» YOUR TASK
Your output is to hold only the lines from the one showing "经典款正品天然淡水珍珠耳环925纯银珍珠耳钉强光无瑕珍珠耳饰" through the end of the listing, exactly, with every picture excluded.

» RECORDS FOR THIS TASK
######

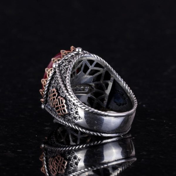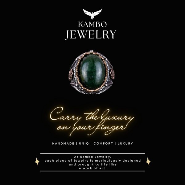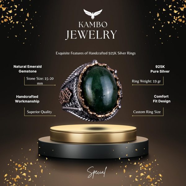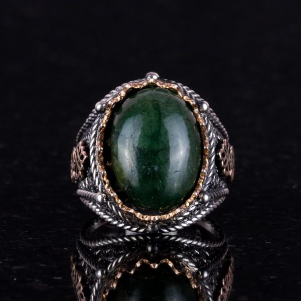 El Yapımı Doğal Cabochon Zümrüt Taşlı Yüzük, 925 Ayar Katı Gümüş Erkek Yüzük
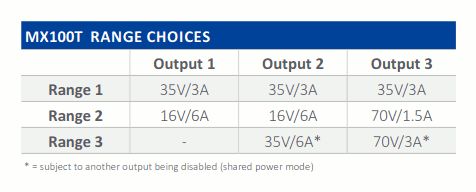 This is 51153-9440 Analogue Digital Bench Power Supply 3 Output 0 → 16 V 0 → 35 V 0 → 70 V manufactured by Aim-TTi. The manufacturer part number is MX100TP. It is digital . Features a versatile binding post terminal output connector. It carries 0 → 3 a, 0 →6a output current. Additionally, the product is supplied with 3 outputs. The product has +40°c maximum temperature. The product mx, is a highly preferred choice for users. Input connector of iec 320. Its bench power supply is of programmable dc power supply type . It has a model number mx100tp. Features a 0 → 16 v, 0 → 35 v, 0 → 70v output voltage. Features 110 → 240v ac supply voltage. While its minimum temperature is +5°c. It includes 3 display(s) . Feature 315w of power rating. It comes in digital configuration.
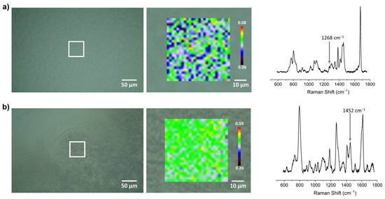 Raman signals (spectra and maps) were collected with an InVia Raman microscope (Renishaw plc, Gloucestershire UK). The polysilsesquioxane surfaces were analyzed using a 532-nm laser with 20× objective lens (Carl-Zeiss Jena, Germany), providing approximately 30 mW of laser power at the sample. Single spectra were collected with an exposure time of 7 s in the spectral collection range 600–1800 cm−1; 2D Raman maps were collected from 50 × 50 μm areas with 2 µm spatial resolution. The interpolation of spectral maps (for better illustration) and all operations on the data (baseline correction, normalization and intensity at point) were performed using the Wire 5.1 application.
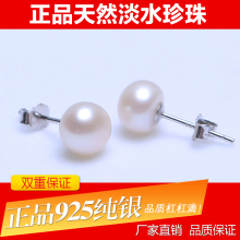 经典款正品天然淡水珍珠耳环925纯银珍珠耳钉强光无瑕珍珠耳饰
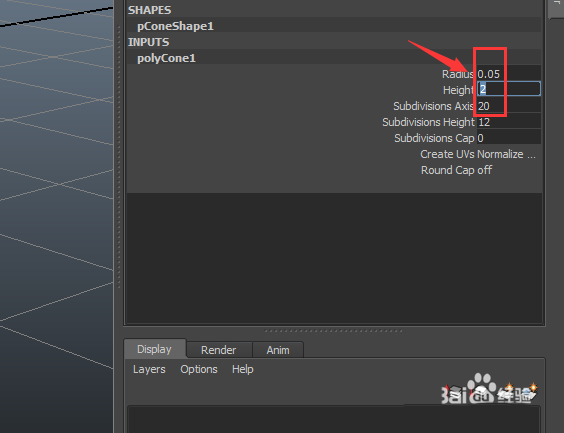 7、點擊cone選項在視圖里創建一個圓錐體,并設置其參數如圖所示:
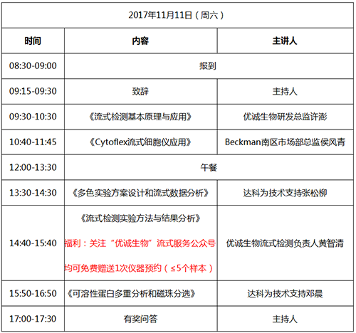 抓住秋天的尾巴,流式培訓班要來長沙啦。本次達科為生物攜手優(yōu)誠生物,為熱愛流式學習的您準備了內容豐富的流式相關理論課程及實驗課程。達科為生物作為國內一流的生物試劑供應商,2017年在南京、杭州、武漢、北京、蘇州、溫州、鄭州等地舉辦了二十余場免費流式培訓班,參加培訓人員達到3000人,取得了熱烈的反響和良好的反饋。優(yōu)誠生物是湖南省乃至全國內的優(yōu)秀的科研服務商,提供從課題設計、實驗實施到成果發(fā)表與轉化的全方位一站式服務。本次雙方合作,共同為您獻上一場流式盛宴。
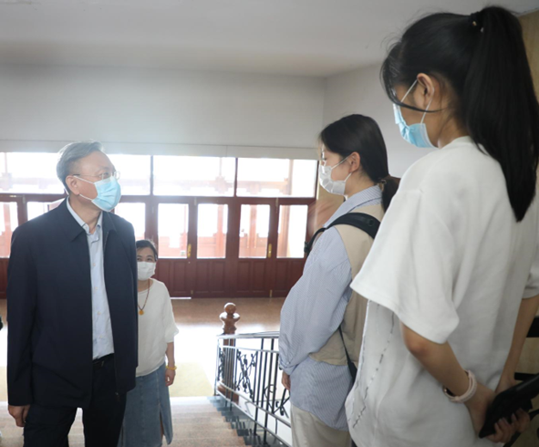 在本科生考场和线上考场监考室,张斌详细询问了考试安排、考场设置、监考人员配备等情况,叮嘱工作人员要树立以学生为中心理念,合理安排考试时间,细致入微做好服务工作,全力保障考试过程安全、稳定、有序,为学生营造一个良好的考试环境。路上遇到刚刚结束一轮考试的本科生们,张斌为他们送上节日的祝福,并鼓励同学们要保持好心态、积极备考。

######

» SOLUTION TO THIS PROBLEM
 经典款正品天然淡水珍珠耳环925纯银珍珠耳钉强光无瑕珍珠耳饰
 7、點擊cone選項在視圖里創建一個圓錐體,并設置其參數如圖所示:
 抓住秋天的尾巴,流式培訓班要來長沙啦。本次達科為生物攜手優(yōu)誠生物,為熱愛流式學習的您準備了內容豐富的流式相關理論課程及實驗課程。達科為生物作為國內一流的生物試劑供應商,2017年在南京、杭州、武漢、北京、蘇州、溫州、鄭州等地舉辦了二十余場免費流式培訓班,參加培訓人員達到3000人,取得了熱烈的反響和良好的反饋。優(yōu)誠生物是湖南省乃至全國內的優(yōu)秀的科研服務商,提供從課題設計、實驗實施到成果發(fā)表與轉化的全方位一站式服務。本次雙方合作,共同為您獻上一場流式盛宴。
 在本科生考场和线上考场监考室,张斌详细询问了考试安排、考场设置、监考人员配备等情况,叮嘱工作人员要树立以学生为中心理念,合理安排考试时间,细致入微做好服务工作,全力保障考试过程安全、稳定、有序,为学生营造一个良好的考试环境。路上遇到刚刚结束一轮考试的本科生们,张斌为他们送上节日的祝福,并鼓励同学们要保持好心态、积极备考。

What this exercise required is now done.